#### Given information ####

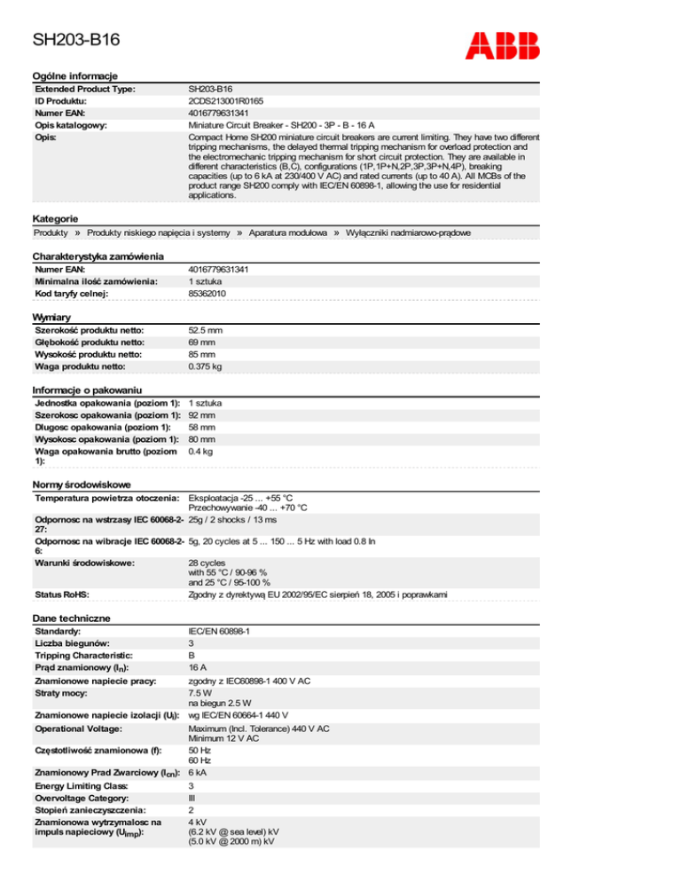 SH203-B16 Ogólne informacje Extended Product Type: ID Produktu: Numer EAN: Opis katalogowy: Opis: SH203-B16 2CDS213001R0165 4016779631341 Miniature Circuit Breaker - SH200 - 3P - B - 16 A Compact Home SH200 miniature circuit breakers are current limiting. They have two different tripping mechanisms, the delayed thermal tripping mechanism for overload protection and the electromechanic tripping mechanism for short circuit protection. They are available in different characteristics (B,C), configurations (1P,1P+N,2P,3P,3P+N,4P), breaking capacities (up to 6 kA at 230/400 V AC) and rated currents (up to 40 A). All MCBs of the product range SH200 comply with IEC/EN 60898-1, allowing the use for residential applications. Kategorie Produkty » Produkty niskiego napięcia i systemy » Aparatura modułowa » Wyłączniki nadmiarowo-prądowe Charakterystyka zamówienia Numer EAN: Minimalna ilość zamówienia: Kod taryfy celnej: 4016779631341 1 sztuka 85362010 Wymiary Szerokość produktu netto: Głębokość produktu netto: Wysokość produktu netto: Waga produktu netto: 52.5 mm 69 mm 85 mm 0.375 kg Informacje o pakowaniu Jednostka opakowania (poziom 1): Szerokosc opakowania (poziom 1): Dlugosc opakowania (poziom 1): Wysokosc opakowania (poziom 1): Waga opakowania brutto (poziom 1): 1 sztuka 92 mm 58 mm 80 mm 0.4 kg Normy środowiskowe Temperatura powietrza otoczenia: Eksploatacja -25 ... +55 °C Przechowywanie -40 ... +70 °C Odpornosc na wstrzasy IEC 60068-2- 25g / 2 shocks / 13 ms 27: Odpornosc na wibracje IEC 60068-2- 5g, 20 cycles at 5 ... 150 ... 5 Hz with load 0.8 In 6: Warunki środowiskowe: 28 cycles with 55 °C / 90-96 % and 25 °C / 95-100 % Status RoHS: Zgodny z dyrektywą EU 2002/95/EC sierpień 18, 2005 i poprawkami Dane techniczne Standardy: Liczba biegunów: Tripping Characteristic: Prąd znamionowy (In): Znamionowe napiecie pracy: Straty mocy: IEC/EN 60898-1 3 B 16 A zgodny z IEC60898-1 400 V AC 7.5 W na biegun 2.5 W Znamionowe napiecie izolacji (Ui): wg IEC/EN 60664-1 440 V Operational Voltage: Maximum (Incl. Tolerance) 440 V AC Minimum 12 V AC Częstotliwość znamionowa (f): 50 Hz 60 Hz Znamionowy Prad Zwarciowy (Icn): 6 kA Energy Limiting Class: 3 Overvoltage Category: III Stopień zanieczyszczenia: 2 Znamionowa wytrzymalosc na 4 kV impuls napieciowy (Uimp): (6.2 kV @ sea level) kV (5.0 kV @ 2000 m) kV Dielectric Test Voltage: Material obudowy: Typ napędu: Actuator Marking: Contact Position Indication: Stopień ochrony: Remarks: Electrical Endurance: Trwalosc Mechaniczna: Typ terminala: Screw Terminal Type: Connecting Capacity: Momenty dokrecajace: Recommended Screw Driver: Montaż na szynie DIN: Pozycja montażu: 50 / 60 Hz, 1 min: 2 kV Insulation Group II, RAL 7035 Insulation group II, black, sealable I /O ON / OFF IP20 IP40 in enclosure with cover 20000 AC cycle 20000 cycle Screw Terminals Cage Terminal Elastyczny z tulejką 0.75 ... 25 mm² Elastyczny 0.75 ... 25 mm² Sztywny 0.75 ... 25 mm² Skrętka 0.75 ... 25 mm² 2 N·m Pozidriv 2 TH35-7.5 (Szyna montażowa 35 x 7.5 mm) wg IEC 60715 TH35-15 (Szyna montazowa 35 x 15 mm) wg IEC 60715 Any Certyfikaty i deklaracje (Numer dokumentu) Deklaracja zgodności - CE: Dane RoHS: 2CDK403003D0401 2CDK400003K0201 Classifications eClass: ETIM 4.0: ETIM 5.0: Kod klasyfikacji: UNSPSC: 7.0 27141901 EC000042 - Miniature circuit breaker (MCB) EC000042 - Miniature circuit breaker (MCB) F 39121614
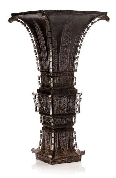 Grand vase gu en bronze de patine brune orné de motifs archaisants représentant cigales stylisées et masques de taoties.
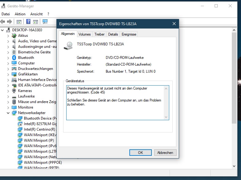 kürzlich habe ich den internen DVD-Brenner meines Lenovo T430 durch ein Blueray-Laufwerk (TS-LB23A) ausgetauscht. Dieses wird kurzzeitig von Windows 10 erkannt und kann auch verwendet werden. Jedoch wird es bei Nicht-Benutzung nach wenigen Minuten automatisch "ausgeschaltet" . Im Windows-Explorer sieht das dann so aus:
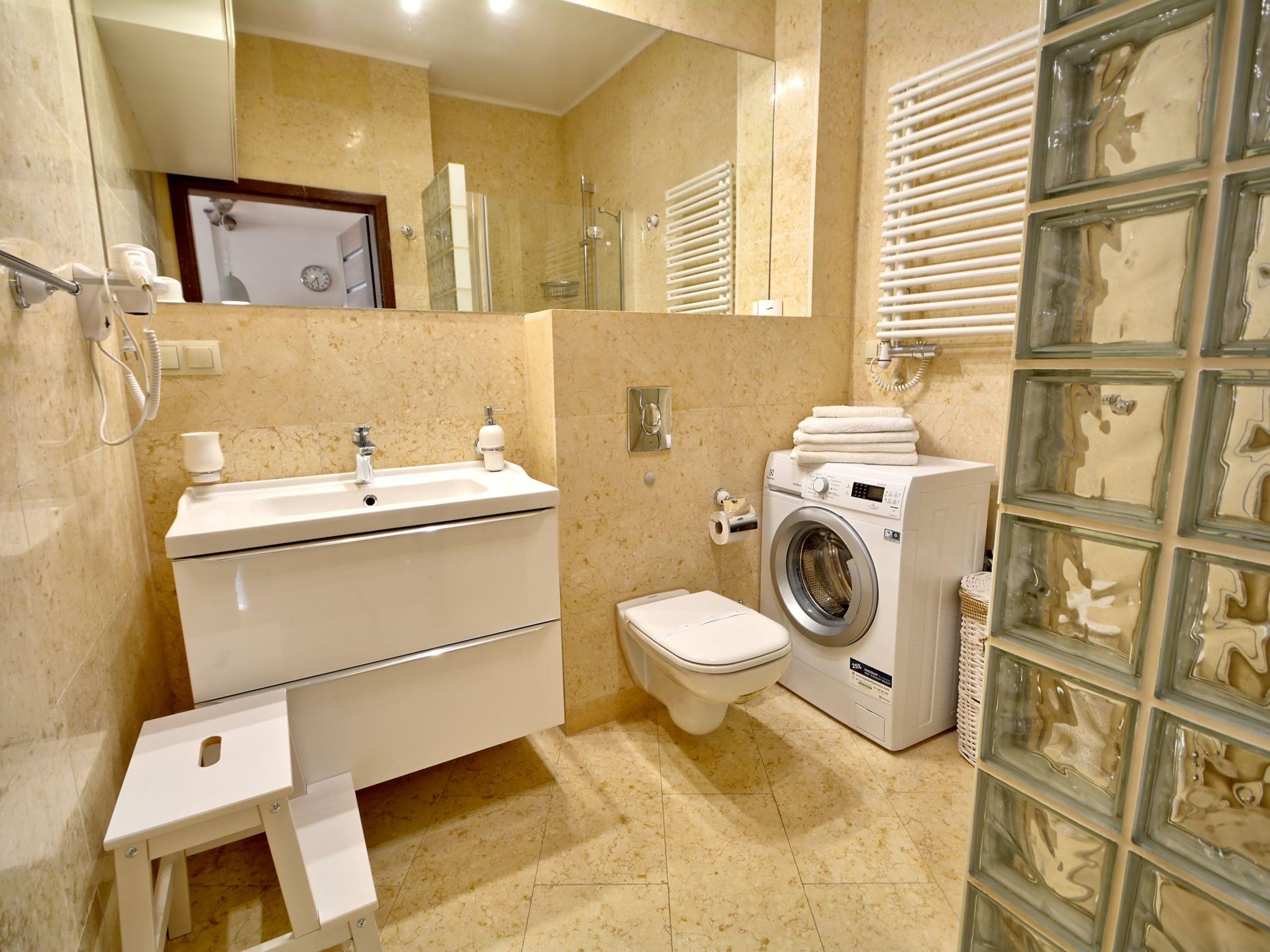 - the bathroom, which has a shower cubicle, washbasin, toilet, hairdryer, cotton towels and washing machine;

####

▶ **What you have to do**:
Pictures excluded, copy exactly the lines running from the one with "Grand vase gu" through the last line of the material.

▶ **Response to the task**:
 Grand vase gu en bronze de patine brune orné de motifs archaisants représentant cigales stylisées et masques de taoties.
 kürzlich habe ich den internen DVD-Brenner meines Lenovo T430 durch ein Blueray-Laufwerk (TS-LB23A) ausgetauscht. Dieses wird kurzzeitig von Windows 10 erkannt und kann auch verwendet werden. Jedoch wird es bei Nicht-Benutzung nach wenigen Minuten automatisch "ausgeschaltet" . Im Windows-Explorer sieht das dann so aus:
 - the bathroom, which has a shower cubicle, washbasin, toilet, hairdryer, cotton towels and washing machine;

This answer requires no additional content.